Here’s a surprise:  Congress is mired in disputes about the new legislation that is supposed to “repeal and replace” the Affordable Care Act (or at least claims to do something to deal with the ongoing problems with President Obama’s signature legislation).  There was supposed to be a vote on the legislation on the floor of the House of Representatives yesterday, but the tally got postponed over concerns that the legislation might fail.

President Trump has been involved in the wrangling, and last night he weighed in with what the Washington Post described as an “ultimatum.”  According to the Post, Trump told the Republicans in the House to either pass the legislation on Friday, or reject it, in which case Trump will move on to other items on his agenda.  Trump apparently will leave it up to the Republicans in the House to figure out whether they can agree or not.

the-interview-donald-trump-sits-down-with-business-insiderIt’s an interesting approach, and I suspect that it comes from Trump’s years of working in the business world.  Corporations typically don’t engage in open-ended negotiations, allowing events to marinate and slowly come together — which often seems to be how Congress works (if you believe that Congress works at all).  Instead, because there’s a time value to money and limits to corporate resources that can be expended on potential deals that don’t materialize, corporations set establish priorities, set deadlines, and push.  Once a deadline gets set, it becomes another means of applying pressure to the parties to reach an agreement, and if the deal doesn’t get done by the deadline, typically that takes the transaction off the table, the corporation moves on, and there is no going back.

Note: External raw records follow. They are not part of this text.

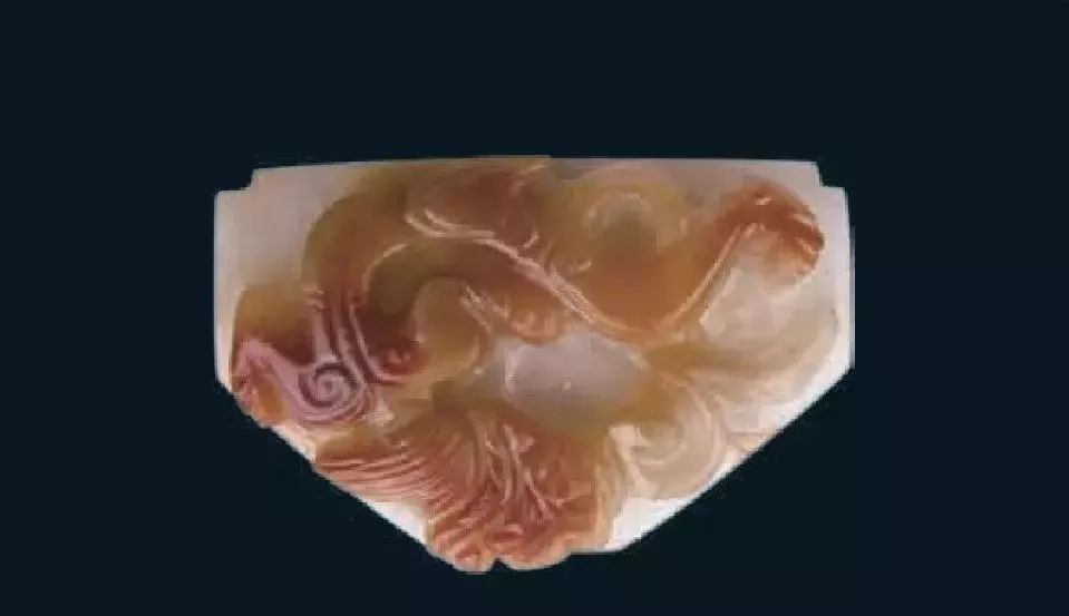 玉质白色,略带沁。长方形。一端长伸斜切,一端短内卷,中间有一长方形孔供穿戴佩系用。正面浮雕一螭纹,头部宽,眉、鼻、眼略占整个脸部的三分之一,毛发长飘至肩部。造型呈匍匐爬行状,两前腿无力,后腿呈弓形,腿部关节处出现卷云纹表示筋骨,螭尾分叉压于后腿下。
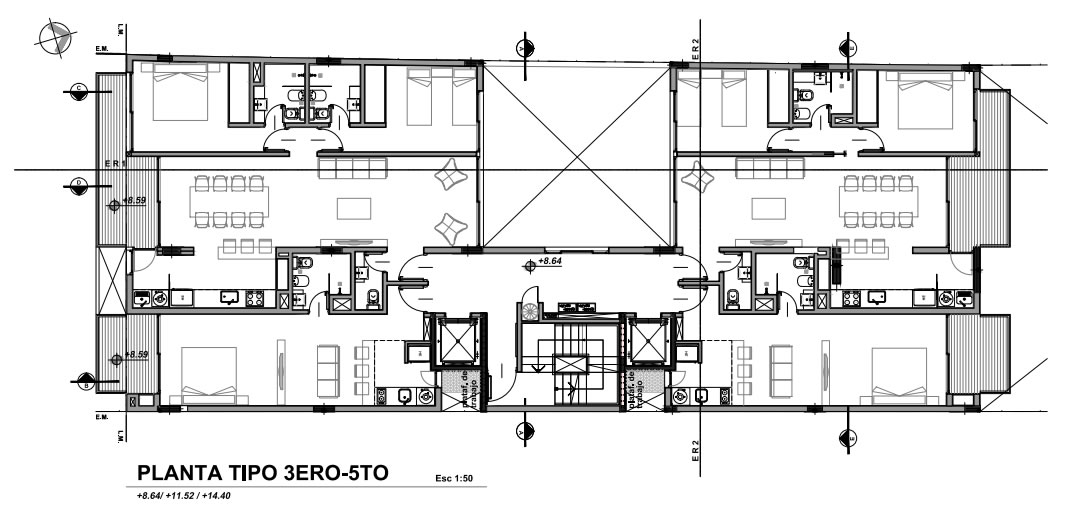 Carpintería exterior perfiles de aluminio 1º | calidad Piso porcelanato o cerámica 1º calidad. | Pintura látex interior 1º calidad. | Puertas placas de madera con herrajes. | Placard frentes de placard con hojas corredizas. | Muebles cocina de granito / pileta acero inoxidable.| Grifería mono cromado. | Instalación para horno y anafe eléctrico. | Baños revestimiento cerámico moderno de vidrio. | Telefonía / TV / internet instalación para conexiones. | Instalación eléctrica circuitos interruptores térmicos. | Termotanque eléctrico individual por unidad. |Climatización conexión sistema Split frío-calor.| Instalaciones de agua cañerías sistema termofusión.
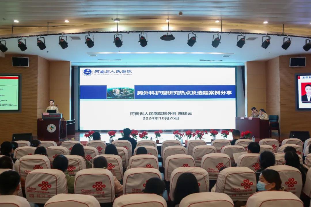 會議內(nèi)容豐富多彩,涵蓋了胸外科護理的多個熱點話題和前沿技術。河南省人民醫(yī)院胸外科一病區(qū)護士長陳瑞云以其深厚的學術功底和豐富的實踐經(jīng)驗,為大家?guī)砹恕缎赝饪谱o理研究熱點分析及選題案例分享》。她通過生動的案例,深入剖析了當前胸外科護理領域的研究熱點,為參會者提供了寶貴的選題思路和研究方向。

Trump’s approach to this legislative test is, obviously, also informed by political considerations; he wants to set a deadline so members of Congress are actually forced to do something concrete, and we don’t have the lingering story of “what’s going to happen to Obamacare” attracting all of the media attention and detracting from the other things he’s trying to accomplish.  It’s a gamble, because if the legislation Trump is backing doesn’t pass, he could be painted as a failure in the early months of his Administration, making it less likely that he’ll be able to obtain passage of other parts of his agenda, like tax reform.  We already knew that Trump is a gambler, of course — his whole campaign was a bizarre, otherworldly gamble that paid off.  Now he’s bringing some of that high-stakes, business world approach to the legislative political realm.

We shouldn’t be surprised, by now, that Trump is going to continue to gamble and continue to do things in confounding ways.  Today we’ll get another lesson in whether his approach can actually work in Washington, D.C., even on a short term basis.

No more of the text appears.